The Delta 2000 series was an American expendable launch system which was used to conduct forty-four orbital launches between 1974 and 1981. It was a member of the Delta family of rockets. Several variants existed, which were differentiated by a four digit numerical code. The Delta 1000, 2000 and 3000 series used surplus NASA Apollo program rockets engines for its first and second stages.

The first stage was an Extended Long Tank Thor, re-engined with the Rocketdyne RS-27 replacing the earlier MB-3-III engine. The RS-27 engine was a rebranded H-1 engine used in the Saturn 1B with minor changes. Three or nine Castor-2 solid rocket boosters were attached to increase thrust at lift-off. The Delta-P second stage used the TRW TR-201 engine. The TR-201 engine was a Lunar Module Descent Engine reconfigured for fixed thrust output. Launches which required a three-stage configuration in order to reach higher orbits used the Thiokol Star-37D or Star-37E upper stage as an apogee kick motor.
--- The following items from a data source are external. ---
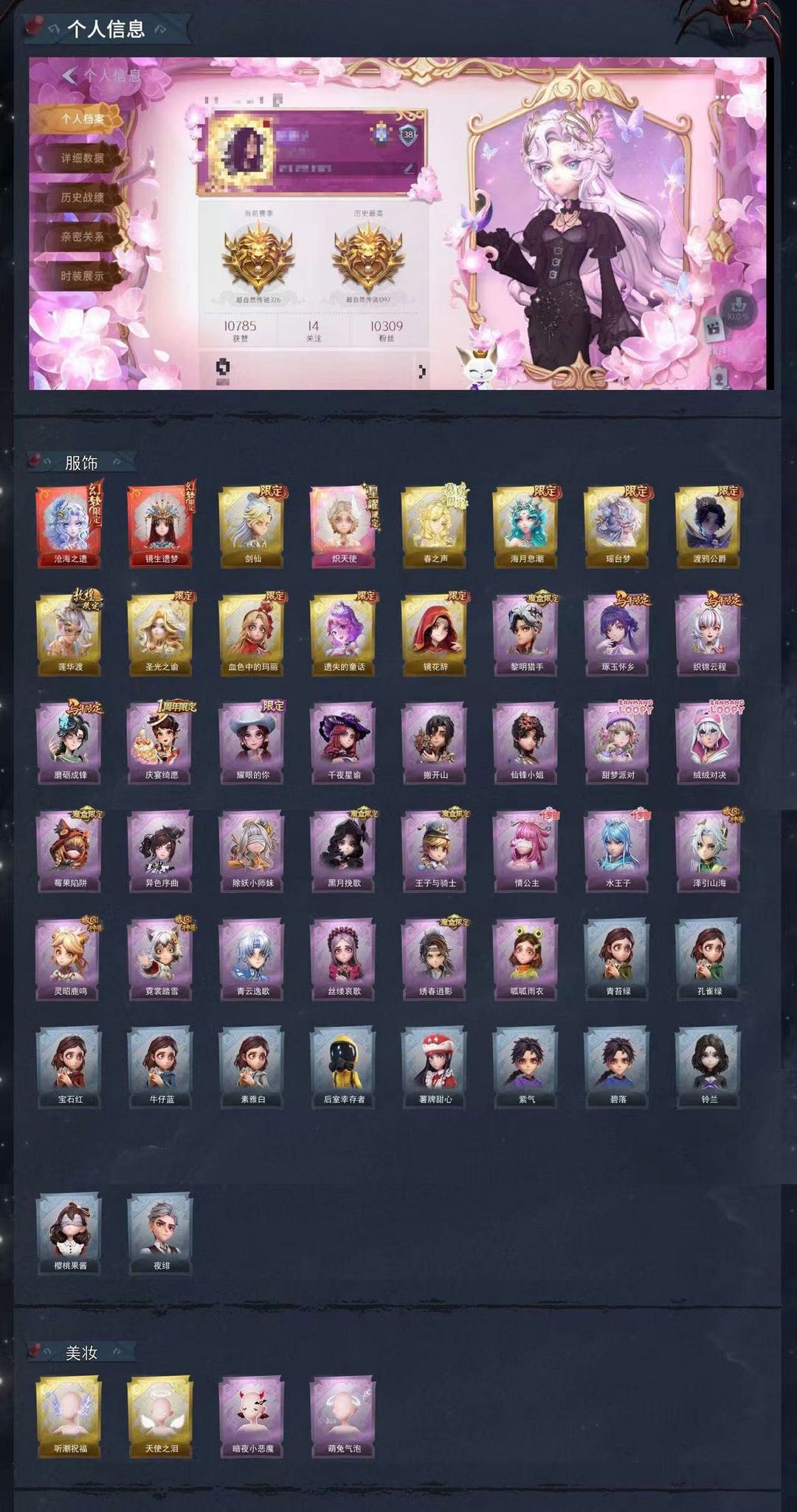 万粉伪全图鉴✨2红1粉10金25紫✨【新品热门沧海之遗✨莲华渡✨血色中的玛丽】✨超多皮肤✨满氪条✨
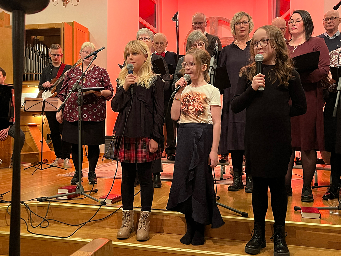 Kören bjöd på många härliga sånger med temat advent och jul. Solister var Karin Jakobsson, Stefan Aronsson och Lovisa Furbacken. En barnkörstrio med tjejer sjöng några fina sånger. Kören leddes av Jenny Larsen. Textläsning av Birgitta Johansson, Elisabeth Eriksson och pastor Signe Malmsten.
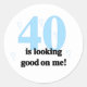 40 es "Me Gusta bien": camisetas, tazas, botones, cartas y otros artículos de regalo y ropa de 40 años con diseño de texto azul y negro con globos pequeños.
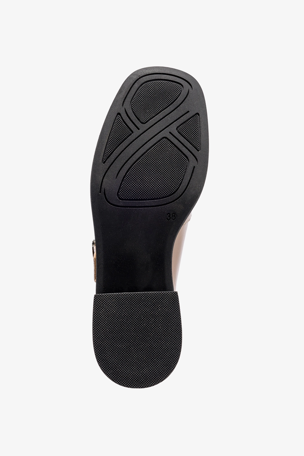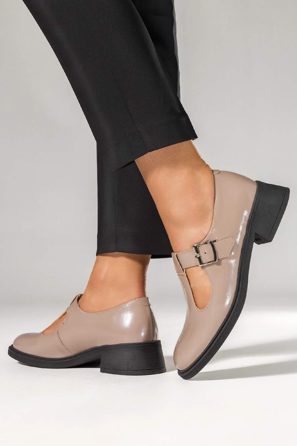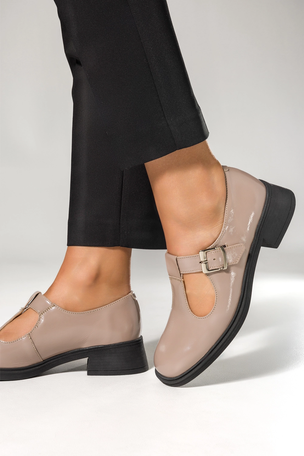 Te beżowe lakierowane półbuty to doskonały wybór dla kobiet, które cenią klasyczny styl w nowoczesnym wydaniu. Subtelny blask lakierowanej skóry podkreśla elegancję butów, a wycięcia w cholewce dodają im lekkości i przewiewności. Kwadratowy nosek w połączeniu z ozdobnym paskiem zapinanym na srebrną klamerkę tworzy harmonijną kompozycję, która sprawdzi się zarówno w biurowych stylizacjach, jak i podczas spotkań towarzyskich. Ciemna podeszwa stanowi stylowy kontrast dla beżowej cholewki, co nadaje butom oryginalnego charakteru.
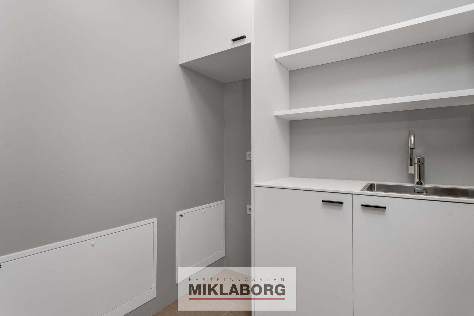 Forstofa með miklu skápaplássi. Stofa og borðstofa mynda hlýlegt og opið alrými með eldhúsinu. Stór eldunareyja með mikið skápapláss og frábærar suð-vestur svalir með útsýni yfir til Snæfellsjökuls þegar skyggni er gott.

Delta 2000 launches occurred from Space Launch Complex 2W at Vandenberg AFB and both pads of Launch Complex 17 at Cape Canaveral. Forty-three out of forty-four launches were successful. The single failure being the maiden flight, 19 January 1974, which placed Skynet 2A into a useless orbit. A short circuit in an electronics package circuit board (on second stage) left the upper stages and satellite in an unstable low orbit (96 x 3,406 km x 37.6°) that rapidly decayed. An investigation revealed that a substandard coating had been used on the circuit board.

The cost of each launch was estimated on average at $28.52 million, depending on the combination of carrier rocket.